Task to carry out :: Your task is to repeat the entries underneath exactly, minus the pictures.

Entries taken from a collection
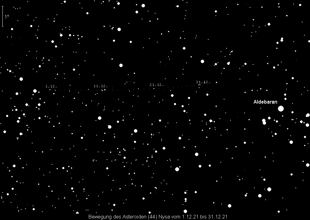 Spezialisten können sich im Dezember an dem Kleinplaneten Nr. 44 versuchen. Nysa bewegt sich rückläufig durch das Sternbild Stier auf Aldebaran zu, den sie aber nicht erreichen wird. Ihre Opposition erreicht der Kleinplanet am 12. Dezember mit einer Helligkeit von 9.1m. Zu Monatsanfang und am Monatsende beträgt ihre Helligkeit 9.3m. Die beste Beobachtungszeit verlagert sich von 1:00 MEZ auf 22:30 MEZ, doch kann sie fast die ganze Nacht über aufgesucht werden.
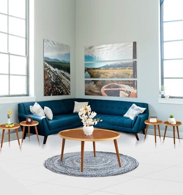 The Melike Coffee Table is a stylish and functional piece of furniture that is perfect for any living room. With its sleek design and versatile functionality, it is sure to complement any decor. The set includes a coffee table and four nesting end tables that can be easily tucked away when not in use, making it ideal for smaller spaces.
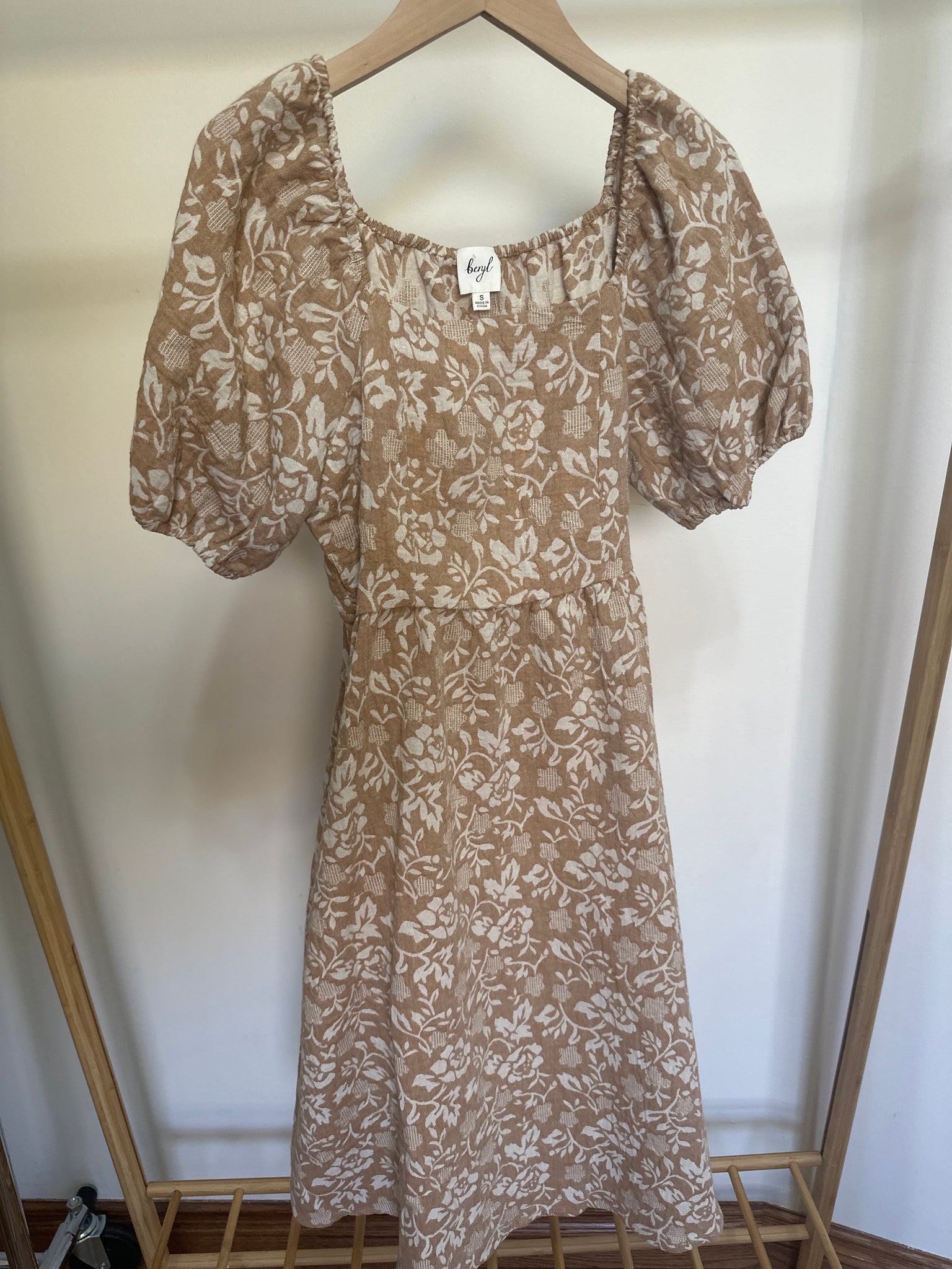Step into charm with the Ms. Penelope midi dress, featuring a delightful cream and beige floral jacquard print. Its short bubble sleeves and square neckline add a whimsical touch, while the elasticized waist ensures a comfy, flattering fit. Perfect for twirling through sunlit afternoons or making every day a little more special.
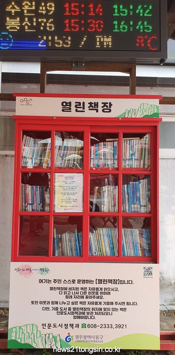 [뉴스21/장병기 기자] 광주 동구는 지난 10년간 증심사 회차지 버스정류장에 설치돼 무등산을 찾은 시민들에게 마음의 양식과 휴식을 제공하던 ‘열린 책장’을 새롭게 단장했다고 밝혔다.
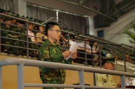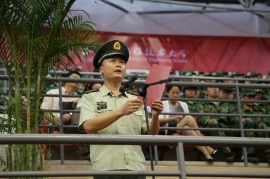 2016级学生军训师师长霍华中校代表承训部队表示,全体官兵在军训过程中将不辜负学校的期望和信任,圆满完成军训任务,同时他希望同学们在军训中团结友爱,互帮互助,通过军事训练增强体魄,培养坚韧不拔的品质。

Expected output ::
 Spezialisten können sich im Dezember an dem Kleinplaneten Nr. 44 versuchen. Nysa bewegt sich rückläufig durch das Sternbild Stier auf Aldebaran zu, den sie aber nicht erreichen wird. Ihre Opposition erreicht der Kleinplanet am 12. Dezember mit einer Helligkeit von 9.1m. Zu Monatsanfang und am Monatsende beträgt ihre Helligkeit 9.3m. Die beste Beobachtungszeit verlagert sich von 1:00 MEZ auf 22:30 MEZ, doch kann sie fast die ganze Nacht über aufgesucht werden.
 The Melike Coffee Table is a stylish and functional piece of furniture that is perfect for any living room. With its sleek design and versatile functionality, it is sure to complement any decor. The set includes a coffee table and four nesting end tables that can be easily tucked away when not in use, making it ideal for smaller spaces.
Step into charm with the Ms. Penelope midi dress, featuring a delightful cream and beige floral jacquard print. Its short bubble sleeves and square neckline add a whimsical touch, while the elasticized waist ensures a comfy, flattering fit. Perfect for twirling through sunlit afternoons or making every day a little more special.
 [뉴스21/장병기 기자] 광주 동구는 지난 10년간 증심사 회차지 버스정류장에 설치돼 무등산을 찾은 시민들에게 마음의 양식과 휴식을 제공하던 ‘열린 책장’을 새롭게 단장했다고 밝혔다.
 2016级学生军训师师长霍华中校代表承训部队表示,全体官兵在军训过程中将不辜负学校的期望和信任,圆满完成军训任务,同时他希望同学们在军训中团结友爱,互帮互助,通过军事训练增强体魄,培养坚韧不拔的品质。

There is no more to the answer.